Thursday, April 26, 2007

Family matters--or not

An old friend emailed and asked me if family was important. She's been having yet another go-round with her sisters and is feeling left out. Sometimes her sisters close ranks and gossip about her, passing around stories that have just a small poppy seed of truth that blossom into much more, thus alienating her from the rest of her family--and especially from her nieces and nephews.

Recently, one of her nephews stopped by and told her his sister moved back to Las Vegas. She had returned home to live but after three months found out it didn't work. She supposedly had cancer and full blown AIDS and had until October to live. When my friend contacted her, she said the tests weren't back and she's not going to worry until she is told differently. My friend thought she'd find her niece distraught and frightened; she wasn't.

My friend enjoys her nieces and nephews and she would enjoy her sisters if they weren't forever plotting and scheming and verbally abusing her. I've seen some of the abuse first hand. It's subtle but they certainly know how to set the barbed hooks deeply. Her sisters will make a comment that seems like a compliment on the surface; it's not. There's that sharp barbed hook barely hidden in the bait. My friend has learned not to rise to the bait but it means her sisters have less and less contact with her because she no longer gives them a burst of emotion to feed on.

This is what I told her:

I was thinking about family and how important--or not--they are just this morning. In fact, I was writing about it in the diary I keep on my laptop. I have a few of them, but that one sits on the bed on the side where I don't sleep and it's easy to pick up and type everything out, easier than writing it out long hand. Anyway, it all started with a shower yesterday afternoon. I was washing and suddenly the scent of Ivory soap came to mind. One of my aunts used it on her kids and I always associated the smell with her and with love. Dad told me one time that when her girls were little and came in from playing she'd wash their hands and faces in Ivory soap. Her bathroom always smelled of Ivory soap and I used to wash my hands very thoroughly when I went to the bathroom at her house so I could smell like her and her daughters. She never worked outside the home and I don't think she drove a car.

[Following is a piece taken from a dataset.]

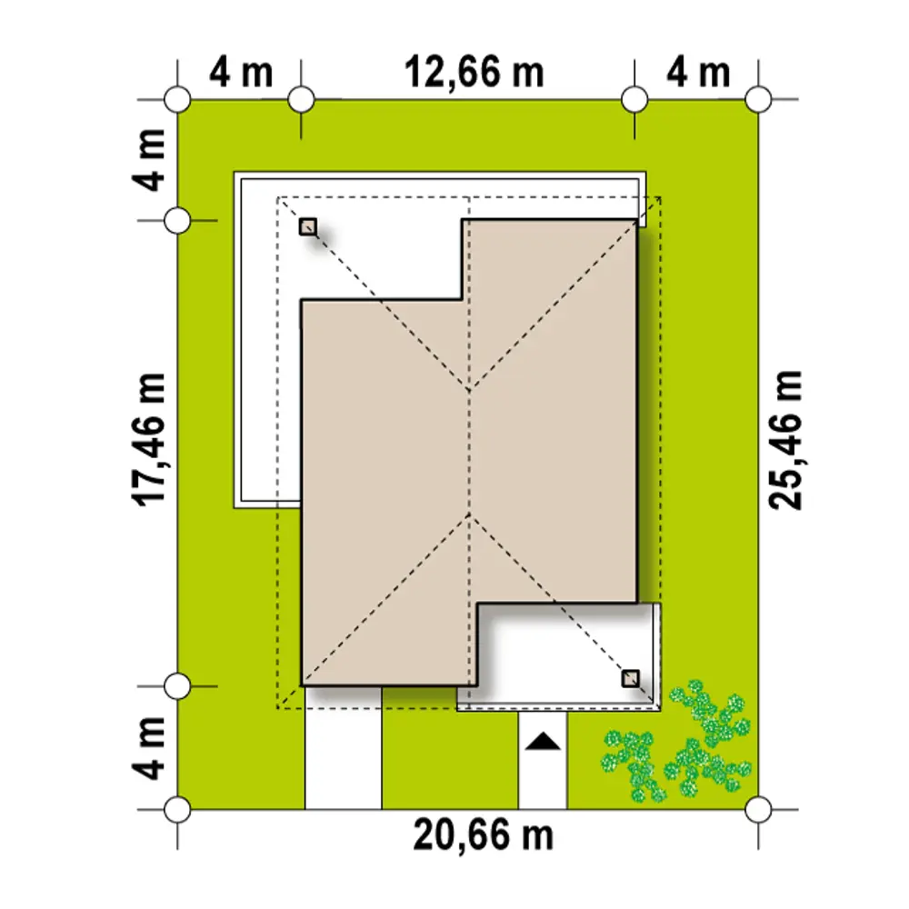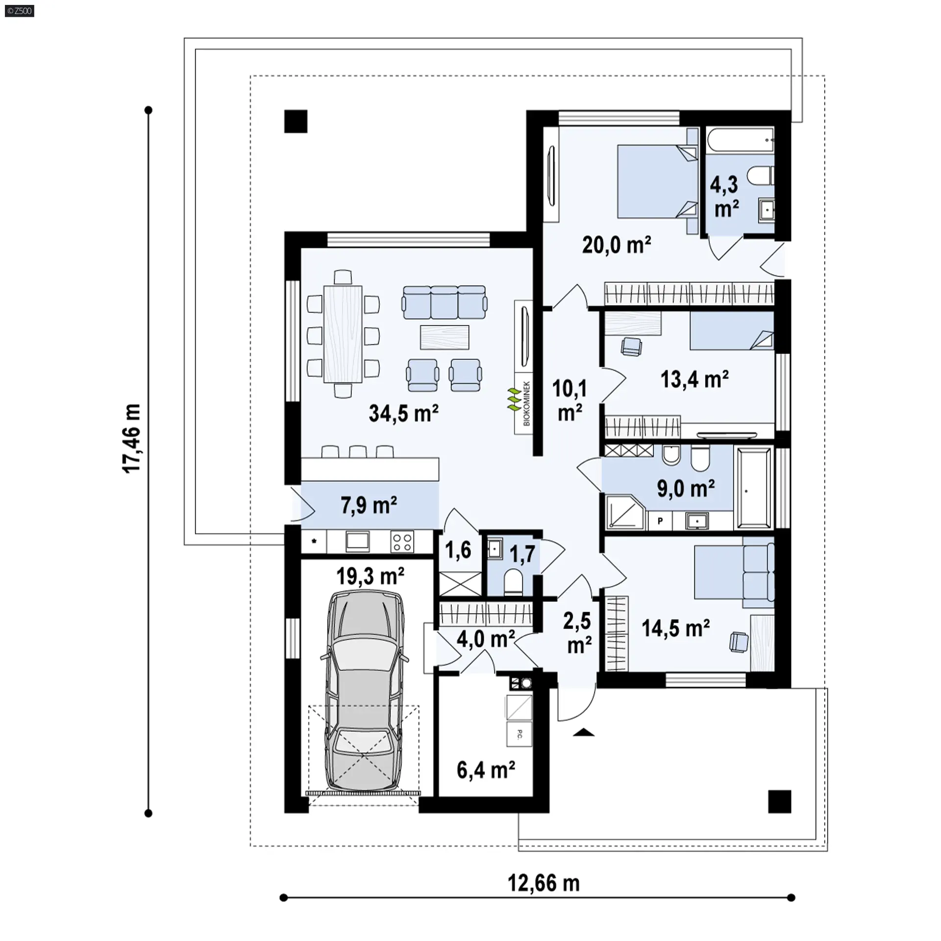 Projekt uzupełnia jednostanowiskowy garaż, wygodna garderoba przy sieni oraz praktyczna, prosta konstrukcja, która wpływa na szybkość i ekonomię budowy.

She wore dresses all the time, simple cotton dresses--with sleeves for winter and without sleeves for spring, summer and warm days in fall. She didn't wear makeup or have fancy clothes and her house was always clean, but it was the kind of clean that was welcoming and homey, a place that smelled of love. When I was old enough to drive and had a problem I'd drive over to her house. No matter the time, she was always there for me and willing to listen to what I had to say.

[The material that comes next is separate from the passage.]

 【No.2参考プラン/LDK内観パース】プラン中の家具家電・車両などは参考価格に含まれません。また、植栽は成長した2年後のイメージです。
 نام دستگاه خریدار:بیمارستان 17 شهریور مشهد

Aunt Edith was family and she was important to me. But whether we like the people related to us or not, they have an affect on our lives and on making us who we are. In that sense the are important. In the sense that they should remain central in our lives and determine the course of the rest of our lives, no, I don't think they are important.

Family is a touchstone, a training ground, and a haven sometimes but family can also be a millstone dragging us down. There is the family you're born into and the family you make with the people who mean most to you, the ones who become your touchstone and your haven. In that sense, family is very important. Family is connection and we all need connections, just not the ones with which we come into the world.